Rospide admits that this situation “completely changes the structure of life. When you are healthy or think you are healthy, life goes by without paying much attention to time. With this approach, the perspective changes and becomes more short-term, the distance of concern becomes shorter: the next visit, the next test. It makes me laugh when the news says that someone has beaten cancer. You’ll get over it when they stop checking on you.” Although no mutation has been found to explain the cancer in the Rospide family, all siblings must follow a schedule of visits and medical examinations tailored to their situation – a regimen certainly more extensive than what is usually recommended. However, knowledge of the exact changes does not necessarily have to be associated with other treatment.
There are clinical trials of some preventative treatments for familial cancer, but none are approved as such (with the exception of prophylactic surgery in some cases of breast cancer predisposition). Yes, there are special drugs for treating tumors with mutations in the BRCA1 and 2 genes (most common in familial breast cancer) or for patients with colon cancer and changes that make them more sensitive to immunotherapy, but it is normal that the mutation does not dictates treatment. “Identifying new responsible variants could lead to the use or development of new drugs, even in people in whom these changes occur in isolation and in unfamiliar ways,” Lazaro explains, “but this will be difficult, among other reasons, because the proportion of patients for each it won’t be enough for them.”
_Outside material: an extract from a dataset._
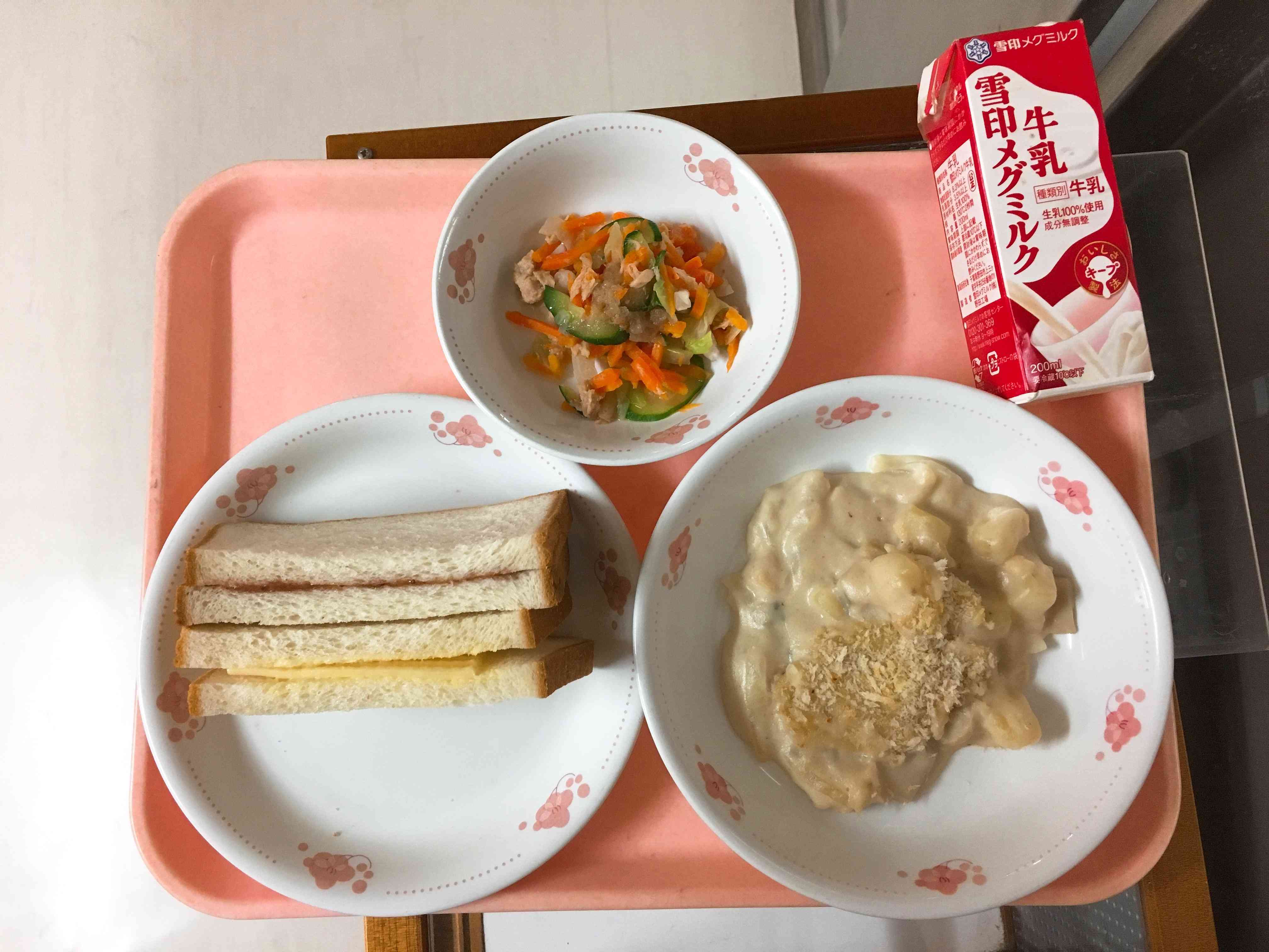 ジャムサンド、チーズサンド、ポテトグラタン、にんじんとツナのサラダ

What purpose could there be in knowing the responsible mutation? On the one hand, it eliminates the increased risk among those people in the family where it does not exist, relieving their anxiety. This also includes sons and daughters, which is a major concern in these situations, as well as the ability to offer genetic counseling if they choose to receive it. On the other hand, to adjust and personalize care and diagnosis. This is what, for example, a multi-year study conducted by Robledo’s group in three families with a high risk of pheochromocytoma, a rare tumor of the adrenal gland, revealed. They determined that the cause in these three cases was a gene never previously linked to the disease, they shared it with an international consortium and found other families with the same changes. This allowed them to conclude that “they had a specific clinic,” Robledo explains. “They had a higher risk of metastasis, so closer surveillance was desirable, and they tended to appear in certain locations, so now we know where to look.”
Faced with the uncertainty they find themselves in, “this information gives these families the answer to one of their questions: why did this happen to me,” Lazaro emphasizes. “It’s also a tool that allows them to empower themselves in the face of many life-altering decisions and tailor the care they receive, which is, after all, what we’re talking about when we talk about personalized medicine. It gives them control over some aspects of their lives.” “I’m not looking for any role,” says Rospide. “If I tell my story, it’s because I think it can help.”